Similarity-Based Supervised User Session Segmentation Method for Behavior Logs
Yongzhi Jin, Kazushi Okamoto, Kei Harada, Atsushi Shibata, Koki Karube

TL;DR
This paper introduces a supervised method for user session segmentation in behavior logs, utilizing similarity features from action embeddings to improve modeling of dynamic user interests.
Contribution
The study presents a novel supervised segmentation approach based on similarity features and demonstrates its effectiveness on real browsing data.
Findings
LightGBM achieved an F1-score of 0.806
Method effectively captures dynamic user behaviors
Supervised approach outperforms unsupervised methods
Abstract
In information recommendation, a session refers to a sequence of user actions within a specific time frame.
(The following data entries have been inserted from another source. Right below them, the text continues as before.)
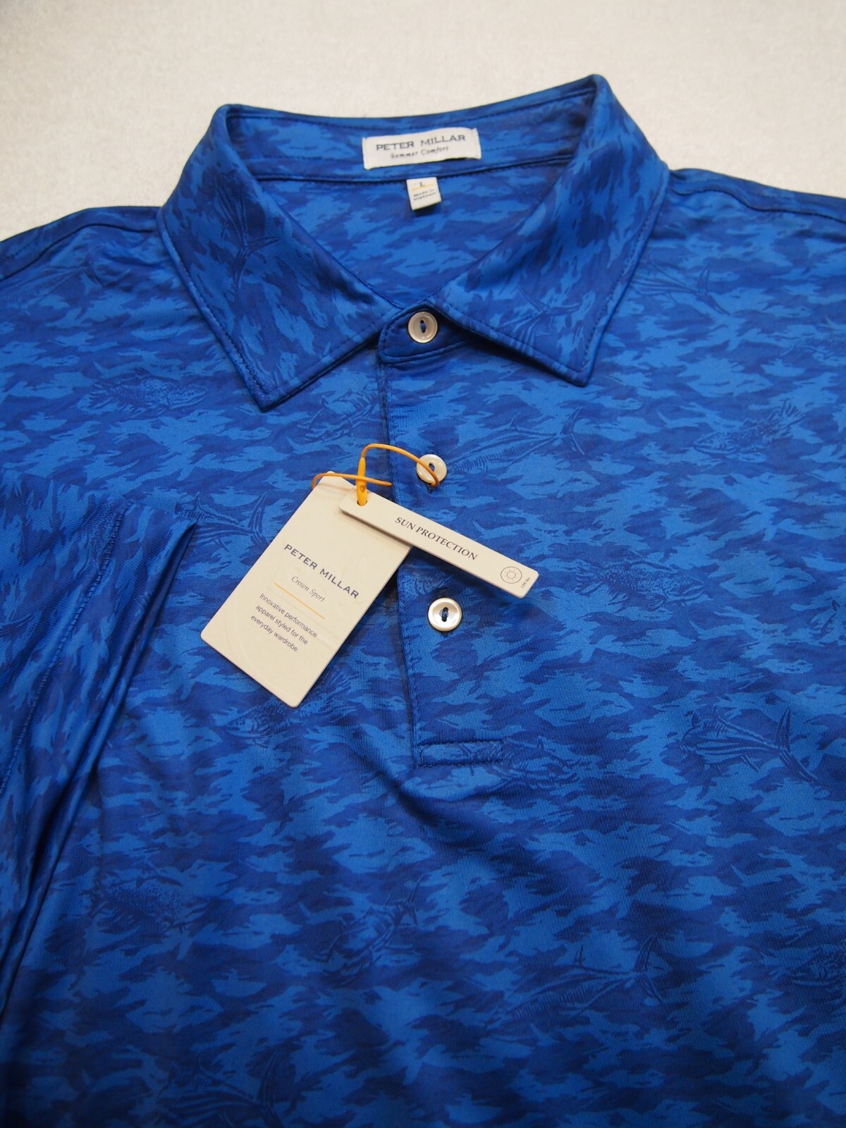 Peter Millar Crown Sport Performance Fish Camouflage Polo Shirt NWT XL 110 Blue
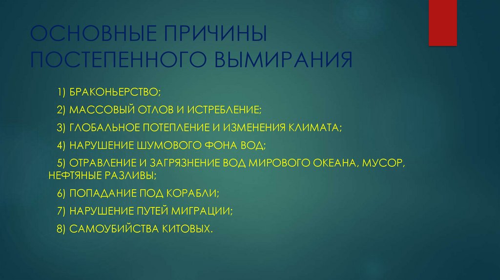 ОСНОВНЫЕ ПРИЧИНЫПОСТЕПЕННОГО ВЫМИРАНИЯ
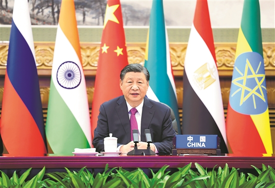 习近平强调,金砖合作机制是新兴市场国家和发展中国家加强团结合作、维护共同利益的重要平台。今天,我们就巴以问题协调立场、采取行动,为扩员后的“大金砖合作”开了个好头。中方愿同其他成员一道,开创金砖合作新时代。
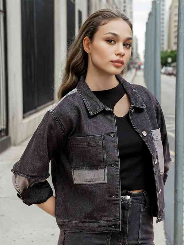 This is bold and artistic look!! Wearing the Freehand by The Indian Garage Co Colourblocked Crop Denim Jacket. The patchwork detail and cropped length gives this jacket effortless style for those fashionistas who want to make a statement. Dress it up with high-waisted jeans or skirts and add an urban chic style.
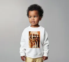 Una scena d'interni stravagante e astratta con una scala rosa, piante in vaso e un sole e una luna nel cielo visti attraverso un arco. L'opera d'arte è un paesaggio da sogno giocoso e bohémien.

Session-based recommender systems aim to capture short-term preferences and generate relevant recommendations. However, user interests may shift even within a session, making appropriate segmentation essential for modeling dynamic behaviors. In this study, we propose a supervised session segmentation method based on similarity features derived from action embeddings and attributes. We compute the similarity scores between items within a fixed-size window around each candidate segmentation point, using item co-occurrence embeddings, text embeddings of titles and brands, and price information as sources for these similarity features. These features are used to train supervised classification models to predict the session boundaries. We construct a manually annotated dataset from…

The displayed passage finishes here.